| Provided material |
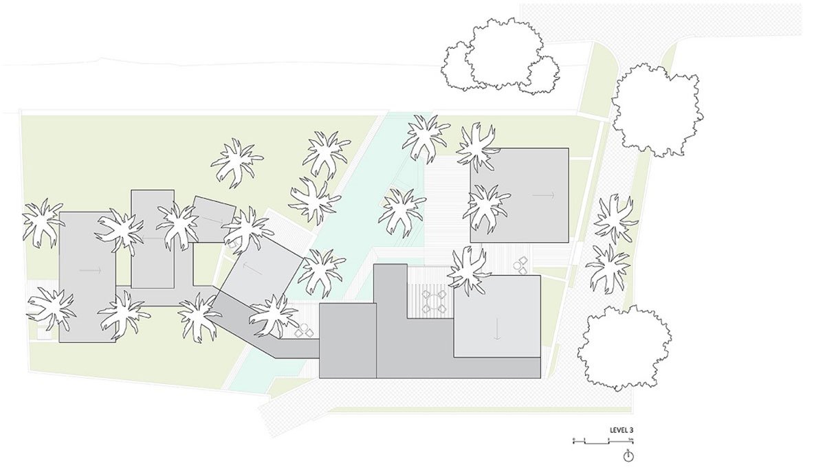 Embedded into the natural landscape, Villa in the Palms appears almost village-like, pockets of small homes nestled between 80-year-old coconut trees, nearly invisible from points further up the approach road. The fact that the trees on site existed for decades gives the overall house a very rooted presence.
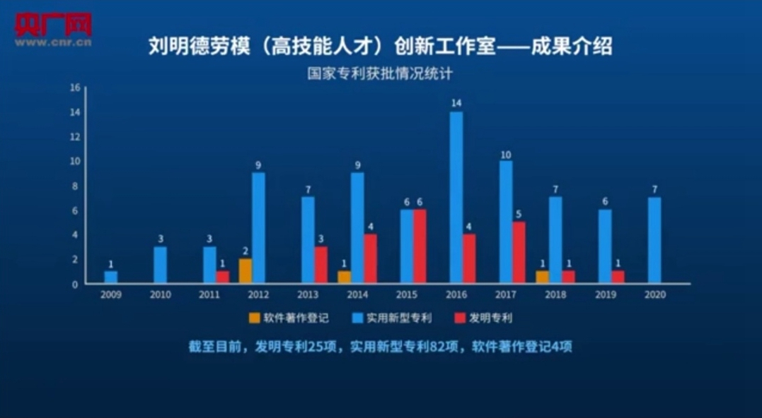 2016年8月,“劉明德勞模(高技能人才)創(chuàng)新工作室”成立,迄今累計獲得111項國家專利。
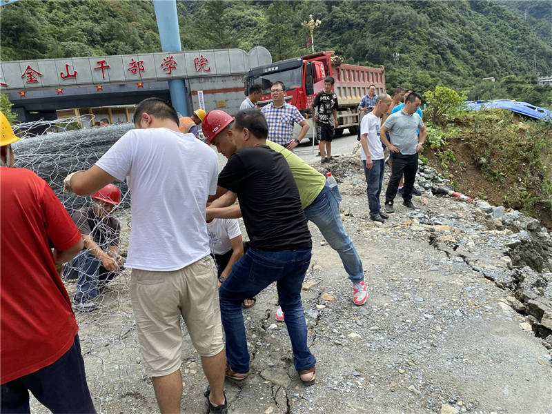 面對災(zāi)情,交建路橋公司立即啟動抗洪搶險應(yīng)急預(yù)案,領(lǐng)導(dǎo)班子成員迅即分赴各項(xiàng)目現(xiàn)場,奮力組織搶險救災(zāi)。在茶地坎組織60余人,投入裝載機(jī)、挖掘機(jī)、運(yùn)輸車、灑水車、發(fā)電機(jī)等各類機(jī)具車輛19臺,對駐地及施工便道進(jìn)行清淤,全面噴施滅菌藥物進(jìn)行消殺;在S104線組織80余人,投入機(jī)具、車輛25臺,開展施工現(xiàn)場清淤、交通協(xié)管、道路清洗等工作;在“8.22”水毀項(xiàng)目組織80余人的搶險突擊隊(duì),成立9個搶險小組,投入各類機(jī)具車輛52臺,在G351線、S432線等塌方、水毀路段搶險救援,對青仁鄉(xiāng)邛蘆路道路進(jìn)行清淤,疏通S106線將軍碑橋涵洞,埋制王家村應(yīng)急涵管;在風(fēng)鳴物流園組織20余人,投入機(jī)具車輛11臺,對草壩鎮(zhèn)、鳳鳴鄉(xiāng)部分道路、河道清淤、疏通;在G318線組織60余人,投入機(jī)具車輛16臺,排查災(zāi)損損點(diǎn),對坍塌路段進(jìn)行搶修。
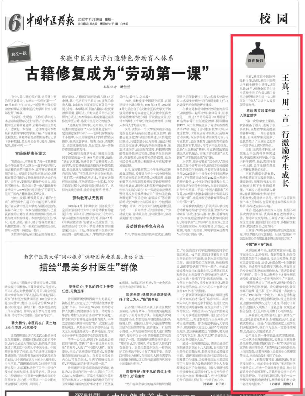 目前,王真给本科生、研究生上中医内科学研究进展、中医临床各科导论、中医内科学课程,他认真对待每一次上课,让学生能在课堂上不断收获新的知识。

| Problem requirements |
An exact copy is needed of the lines running from the one containing "面對災(zāi)情,交建路橋" through the last line of the material, and of no others; pictures stay out.

| Written solution |
 面對災(zāi)情,交建路橋公司立即啟動抗洪搶險應(yīng)急預(yù)案,領(lǐng)導(dǎo)班子成員迅即分赴各項(xiàng)目現(xiàn)場,奮力組織搶險救災(zāi)。在茶地坎組織60余人,投入裝載機(jī)、挖掘機(jī)、運(yùn)輸車、灑水車、發(fā)電機(jī)等各類機(jī)具車輛19臺,對駐地及施工便道進(jìn)行清淤,全面噴施滅菌藥物進(jìn)行消殺;在S104線組織80余人,投入機(jī)具、車輛25臺,開展施工現(xiàn)場清淤、交通協(xié)管、道路清洗等工作;在“8.22”水毀項(xiàng)目組織80余人的搶險突擊隊(duì),成立9個搶險小組,投入各類機(jī)具車輛52臺,在G351線、S432線等塌方、水毀路段搶險救援,對青仁鄉(xiāng)邛蘆路道路進(jìn)行清淤,疏通S106線將軍碑橋涵洞,埋制王家村應(yīng)急涵管;在風(fēng)鳴物流園組織20余人,投入機(jī)具車輛11臺,對草壩鎮(zhèn)、鳳鳴鄉(xiāng)部分道路、河道清淤、疏通;在G318線組織60余人,投入機(jī)具車輛16臺,排查災(zāi)損損點(diǎn),對坍塌路段進(jìn)行搶修。
 目前,王真给本科生、研究生上中医内科学研究进展、中医临床各科导论、中医内科学课程,他认真对待每一次上课,让学生能在课堂上不断收获新的知识。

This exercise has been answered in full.